Job Services Australia providers and public employers upload their job vacancies to JobSearch and search for potentially suitable staff.

Job seekers can search for jobs via the map on the homepage by choosing their state, local area and occupation category. The advanced search function includes more detail in searching criteria.

Everyone is welcome to use JobSearch to search for vacancies. It’s free to register and take advantage of the complete range of services.
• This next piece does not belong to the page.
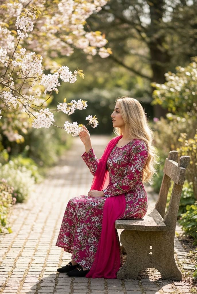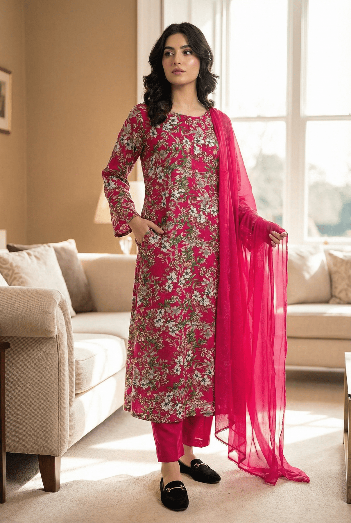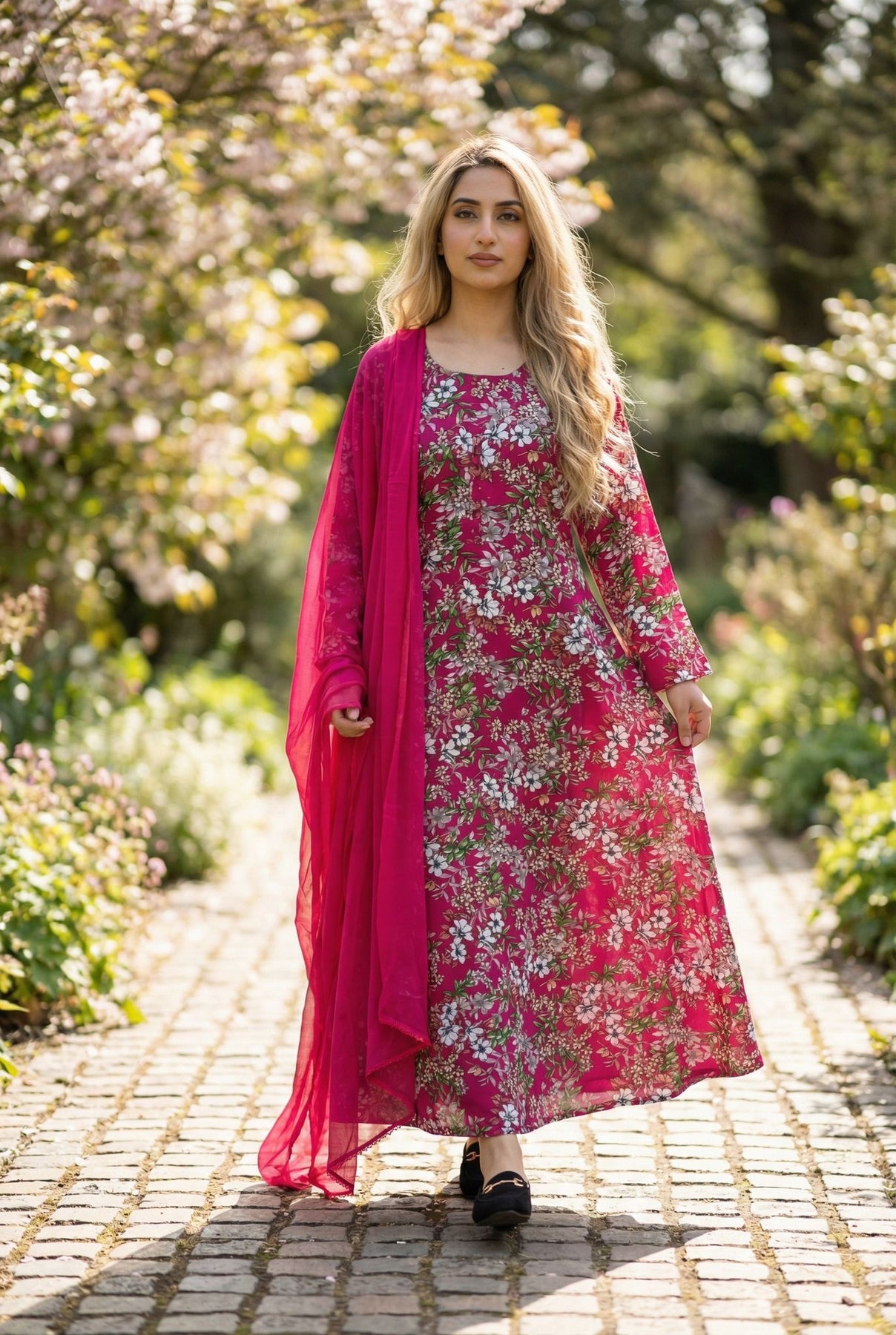 Elevate your wardrobe with this exquisite floral printed long dress suit, crafted from premium stone linen for a refined, breathable finish. The intricate floral design brings timeless elegance to any occasion, whilst the flowing silhouette ensures effortless grace and comfort. Complemented by a delicate chiffon dupatta, this ensemble offers versatility for both formal gatherings and sophisticated everyday wear. The natural linen fabric provides durability and a luxurious drape, making this a worthy investment piece that transcends seasonal trends. Perfect for those who appreciate quality craftsmanship and understated luxury.
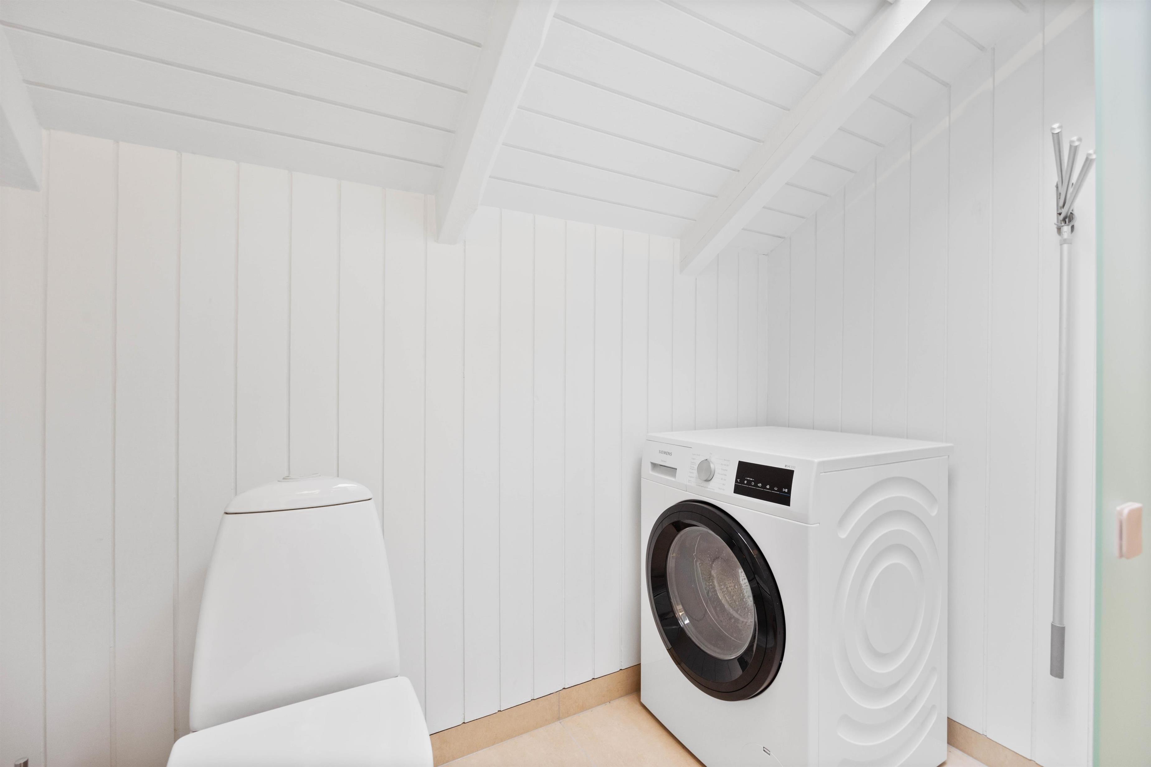 Sommerhuset i Søndervig har tre gode og rummelige soveværelser, som garanterer jer afslappende og rolige nætter. Soveværelserne er indrettet med to enkeltsenge i hver. Så I alle kan finde jeres eget personlige tilflugtssted. Badeværelset har ikke kun en bruser, men også gulvvarme, så I kan holde jer varme på de koldere dage. Der er også en vaskemaskine til jeres rådighed, så I kan friske jeres håndklæder op, under jeres ferie.

Vacancies displayed on JobSearch come from many different sources, including:                                                                   

  • public employers
  • Job Services Australia providers
  • newspapers
  • the Australian Public Service
  • the Australian Defence Force
  • the Harvest Trail.

For job seekers

JobSearch has a range of features to help you search for a job, including:

  • free registration for all Australians seeking work
  • jobs across all industries and regions of Australia
  • your own personal page, where you can create a job match profile, upload your resume and use our instant job list to find jobs based on your skills and experience
  • links to employment assistance and information for all job seekers.

For employers

JobSearch has a number of features to help you find the right person for your job, including:

  • the ability to search for staff based on criteria in your advertisement using our find staff feature
  • high visibility of your jobs – with around 1 million people visiting JobSearch each month
  • a secure personal page to manage your advertised jobs or view past jobs
  • phone help from the Employer Hotline 13 17 15 to advertise new jobs or check the status of your existing jobs.